PDF(Pubmed)
Abstract:
Type I interferon (IFN) response is the first line of host-based innate immune defense against viral infections. However, viruses have developed multiple strategies to counter host IFN responses, so they may continue infecting hosts via effective replication. Avian reovirus (ARV), an RNA virus, causes viral arthritis or tenosynovitis in chickens. Previous studies have shown that ARV is highly resistant to the antiviral effects of IFN. However, the underlying mechanisms that enable ARV to block the IFN pathway remain unclear. In this study, we found that ectopic expression of ARV protein, σA, significantly inhibited the production of IFN-β induced by melanoma-differentiation-associated gene 5 (MDA5) and poly(I·C). Knockdown of σA during ARV infection enhances the IFN-β response and suppresses viral replication. ARV σA inhibited the MDA5-mediated IFN-β activation by targeting interferon regulatory factor 7 (IRF7). Further studies demonstrated that σA interacts with IRF7, thereby blocking IRF7 dimerization and nuclear translocation, finally leading to the inhibition of IFN-β production. These findings reveal a novel mechanism that allows ARV to evade host antiviral immunity. IMPORTANCE ARV, the causative agent of viral arthritis or tenosynovitis in chickens, has a significant economic impact as it results in poor weight gain and increased feed conversion ratios. The MDA5-mediated IFN-β signal pathway plays an important role in host antiviral defense. Therefore, RNA viruses have developed mechanisms to counter this signaling pathway and successfully establish infection. However, the strategies adopted by ARV to block MDA5-IRF7 signaling remain unclear. In the current study, we demonstrated that ARV σA inhibits this pathway by binding to IRF7, which blocked IRF7 dimerization and nuclear translocation.

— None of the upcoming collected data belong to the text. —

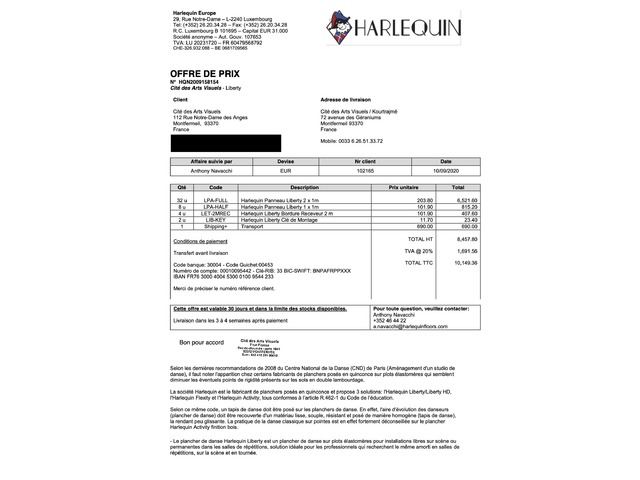 Bonjour,Nous vendons notre plancher Harlequin acheté 10 000€ en septembre 2020.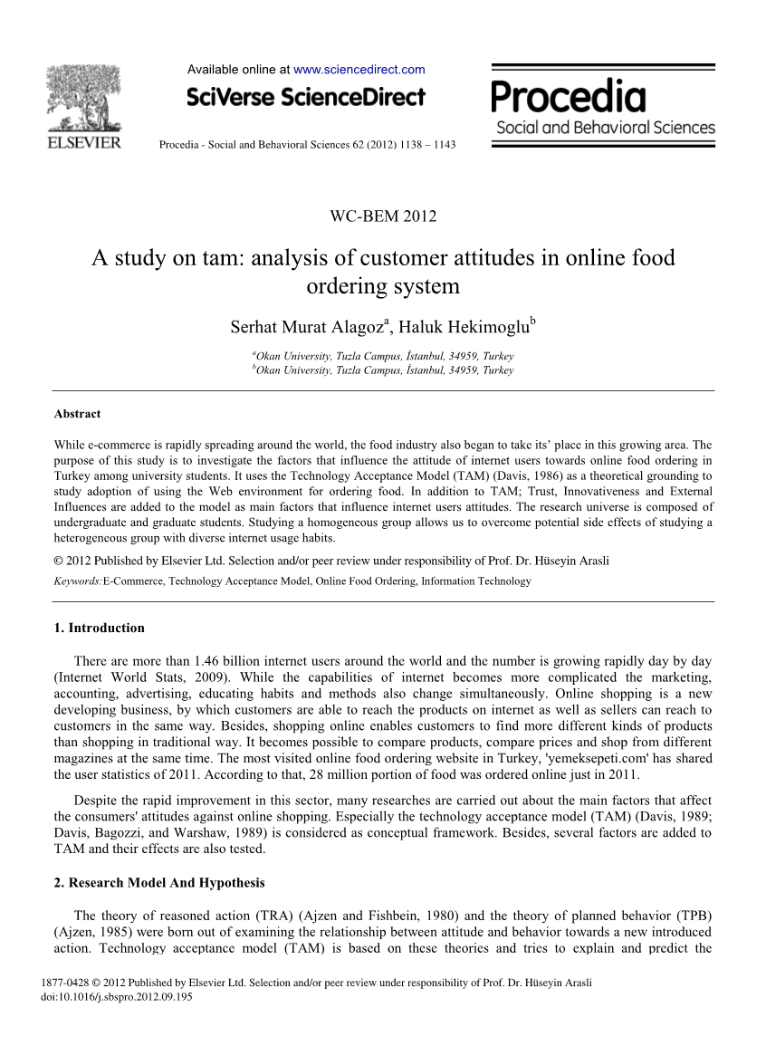 世界上有超过14.6亿的互联网用户,而且这个数字正在迅速增长(互联网世界统计, 2009)。当互联网的功能变得更复杂时,市场营销、会计、广告、教育习惯和方法也会同时改变。网上购物是一项新兴的发展业务,顾客可以通过网络接触到商品,而卖家也可以用同样的方式接触到顾客。此外,网上购物能让顾客找到比传统购物方式更多样的商品。我们可以在不同的网站上对比产品,对比价格并且进行购物。作为土耳其访问量最大的在线订餐网站,“yemeksepeti.com”分享了2011年的用户统计数据。根据这一数据,2011年网络订餐数量达2800万份。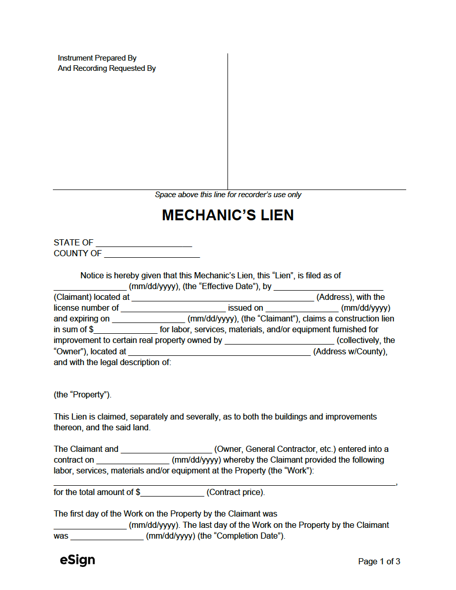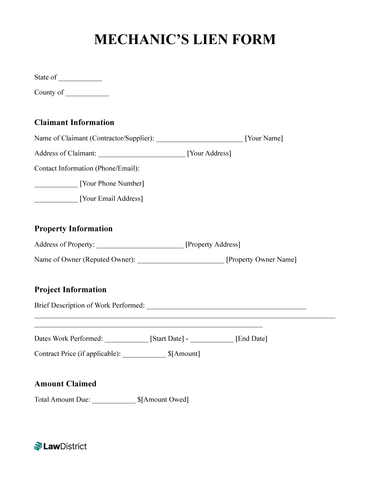 Free Mechanic s Lien Form PDF U0026 Word Template LawDistrict

Our findings may provide insights into how avian reovirus counteracts the innate antiviral immunity of the host to ensure viral replication.
摘要:
I型干扰素(IFN)应答是针对病毒感染的基于宿主的先天免疫防御的第一线。然而,病毒已经开发了多种策略来对抗宿主IFN反应,所以他们可以通过有效的复制继续感染主机。禽呼肠孤病毒(ARV),RNA病毒,引起鸡的病毒性关节炎或腱鞘炎。先前的研究表明,ARV对IFN的抗病毒作用具有高度抗性。然而,ARV阻断IFN途径的潜在机制尚不清楚.在这项研究中,我们发现ARV蛋白的异位表达,σA,显着抑制黑色素瘤分化相关基因5(MDA5)和poly(I·C)诱导的IFN-β的产生。在ARV感染期间σA的敲低增强IFN-β应答并抑制病毒复制。ARVσA通过靶向干扰素调节因子7(IRF7)抑制MDA5介导的IFN-β活化。进一步的研究表明,σA与IRF7相互作用,从而阻断IRF7二聚化和核易位,最终导致IFN-β产生的抑制。这些发现揭示了一种使ARV逃避宿主抗病毒免疫的新机制。IMPORTANCEARV,鸡病毒性关节炎或腱鞘炎的病原体,具有显著的经济影响,因为其导致差的重量增加和增加的饲料转化率。MDA5介导的IFN-β信号通路在宿主抗病毒防御中起重要作用。因此,RNA病毒已经开发出对抗这种信号通路并成功建立感染的机制。然而,ARV阻断MDA5-IRF7信号传导的策略尚不清楚.在目前的研究中,我们证明ARVσA通过与IRF7结合来抑制该途径,从而阻断IRF7二聚化和核易位。我们的发现可以提供有关禽呼肠孤病毒如何抵消宿主的先天抗病毒免疫以确保病毒复制的见解。